Her lawyer had a point. The Dromdanjerie was Injiltaprajura’s lunatic asylum. It held the usual range of howling madmen, slobbering morons, helpless dements, autistic bone-bags, schizophrenic demon-angels, alcoholic degenerates and syphilitic idiots; but also imprisoned within its walls were a few very intelligent psychopaths, some of whom had not been seen in public for decades.
‘Candidates?’ said Justina.
‘Pardon?’ said Dardanalti.
‘Have you any specific candidates in mind?’ said Justina. ‘For our fake wazir, I mean?’
‘No, my lady,’ said Dardanalti.
‘Then,’ said Justina, ‘I propose that we go together to the Dromdanjerie. The sooner the better. Now being better than any time later.’
But before Justina and Dardanalti could depart, a manservant intruded upon their privacy.
‘What is it?’ said Justina.
‘We have news of the latest arrivals,’ said the manservant, referring to the two ships which had come into the Laitemata at dawn.
‘Good,’ said Justina, pleased to see that her orders were being obeyed; it was most important that the palace had intelligence about each new vessel that arrived in the harbour.
‘One is a general trader,’ said the manservant, retailing the information freshly delivered by Justina’s spies.
‘And the other?’ said Justina.
‘It is a cruise ship, ma’am.’
‘A what?’ said Justina.
‘A — a ship of ill repute,’ said the manservant.
‘He means a brothel ship,’ said Dardanalti.
‘Oh,’ said Justina. ‘I didn’t know there really were such things. I thought that was just a story.’
‘Manamalargo is famous for such cruise ships, ma’am.’
‘Well, well,’ said Justina. ‘One lives and learns. What news of Yestron?’ ‘Talonsklavara wages still. The war is undecided.’
‘Good,’ said Justina. ‘You are dismissed.’
The manservant departed, and Justina smiled.
‘That seems to solve our immediate problems,’ said Dardanalti.
‘It gives us time in which to manoeuvre,’ said Justina. ‘But no more. The sooner we choose and train our wazir the better. Come! The bedlam awaits.’
The impetuous haste with which Justina set forth for the Dromdanjerie is best explained by the agonies of impotent waiting which she had endured for so long.
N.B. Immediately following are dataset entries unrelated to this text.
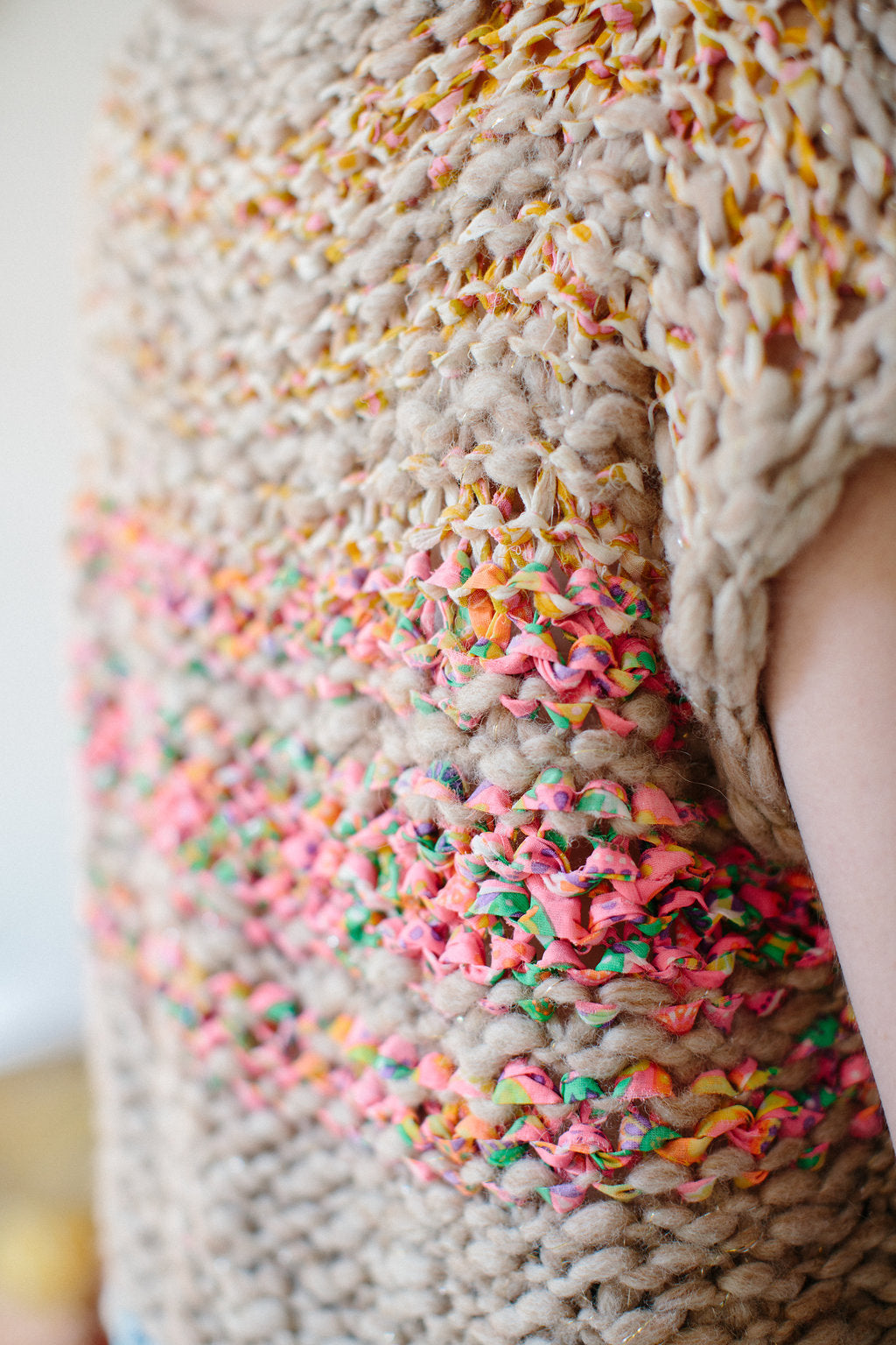 Recommended fit: 8-12” / 20-30.5 cm positive ease measured at your full bust circumference. The modeled garment in photo at right is a size XS. We like the relaxed oversize fit here!
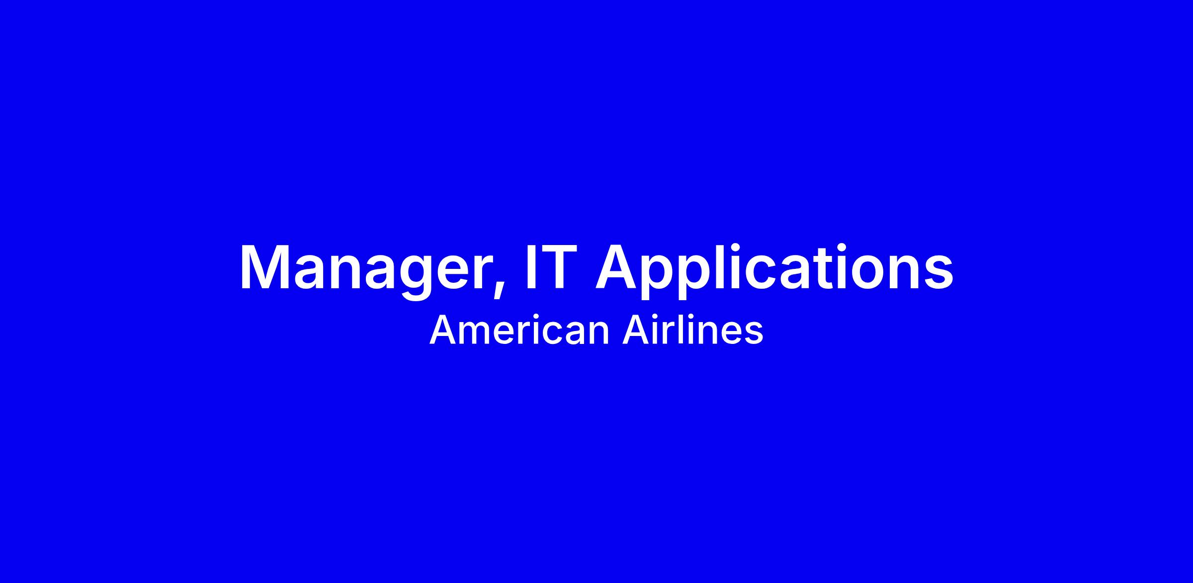 American Airlines is seeking a Manager, IT Applications to lead agile delivery of platform solutions onsite in Fort Worth. You will partner with business and IT leadership to set vision, remove roadblocks, and cultivate self-governing delivery teams that meet time, quality and customer expectations. You’ll manage schedules and budgets, guide adoption of emerging technologies, mentor a diverse, high-performing team, and coordinate production support across stakeholders. Ideal candidates have 5 years in ITIL or Agile deliveries, 3 years leading teams, and experience navigating complex environments, ideally in airlines. To apply, tailor your resume to show roadmap delivery, cross functional influence, measurable outcomes, and readiness for travel and extended hours as needed.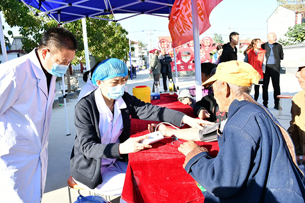 ●  鎮(zhèn)衛(wèi)生院志愿者也在文化廣場(chǎng)上開(kāi)展健康愛(ài)心義診活動(dòng),醫(yī)護(hù)人員一字排開(kāi),熱情地為前來(lái)咨詢(xún)就診的低收入人群解疑答惑、免費(fèi)聽(tīng)診、檢查身體、測(cè)量血壓以及提供有針對(duì)性的診療意見(jiàn)等。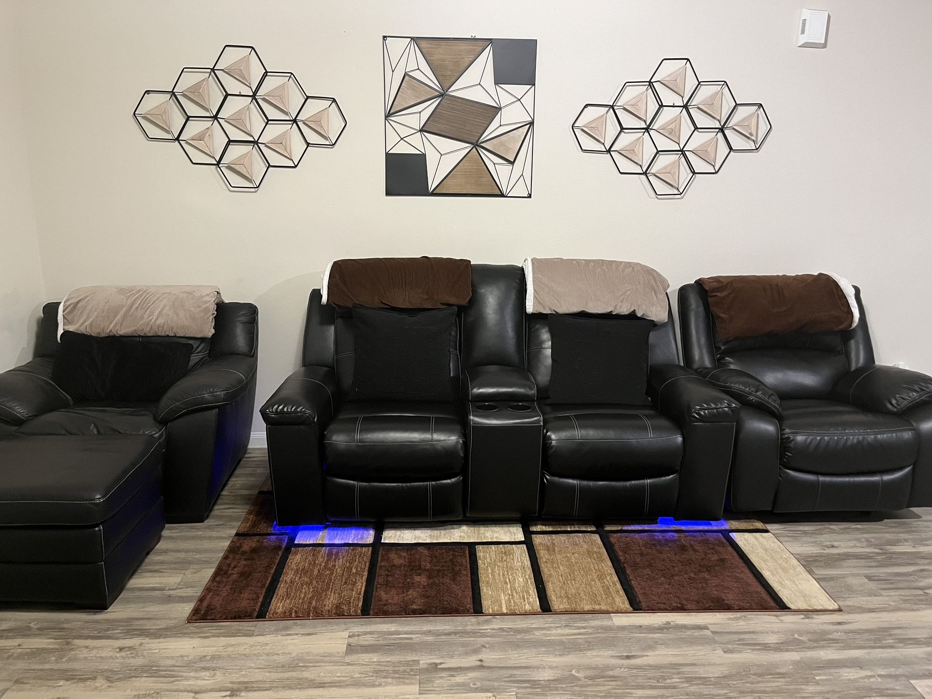 Lounger, theater loveseat, recliner, rug, throws, and wall decor included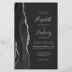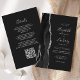 A borda esquerda deste convite de casamento moderno e elegante apresenta uma borda de ágata em aquarela preta aparada com brilho prateado falso. O texto personalizável combina fontes manuscritas, copperplate e itálicas em cinza prateado claro sobre um fundo preto claro. Adicione detalhes adicionais no verso, juntamente com um código QR para ajudar seus convidados a visitar o site do seu casamento.
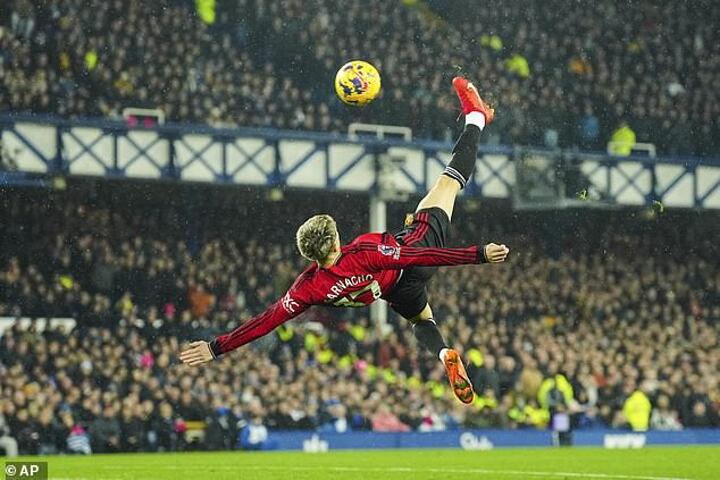Garnacho drew gasps inside Everton’s Goodison Park stadium when he opened the scoring for Manchester United in astonishing style in this Premier League showdown. Diogo Dalot’s lofted cross was slightly behind the Argentinian, but he launched himself into mid-air and sent a stunning overhead kick rocketing into Jordan Pickford’s goal.

At last she had a plan of action: risky, uncertain, perhaps lunatic. But a plan regardless. Something she could do. And this fired her frame with energy. So forth she went with Dardanalti at her side.
But Justina had got no further than the front steps of her palace when she was intercepted by Juliet Idaho, who demanded to see her in private. Immediately.
Justina sighed, commanded Dardanalti to wait, then walked Idaho to her office. Juliet Idaho was a warrior’s warrior, a hero who would have made a fitting companion for Vorn the Gladiator on any of the missions of peril undertaken by that lusty swordsman; but Justina was not a gladiator, and sometimes (just sometimes) Idaho got on her nerves.
Once in her office, Justina sat.
‘What is it?’ said she.
‘This,’ said Juliet Idaho, passing over a document.
‘And what is this?’ said Justina.
‘That’s what I want to know,’ said Juliet Idaho, seating himself without invitation.
Justina studied Idaho’s offering, a single sheet of ricepaper nearly obliterated by a million chicken-scratchings in vermilion ink.
‘It appears to be writing,’ said she, squinting at the miniscule letters so painfully executed in a crabbed and scorpioned hand. ‘But in what language I cannot say. The words are like our dummer’s drums: they say something, but say nothing intelligible to me.’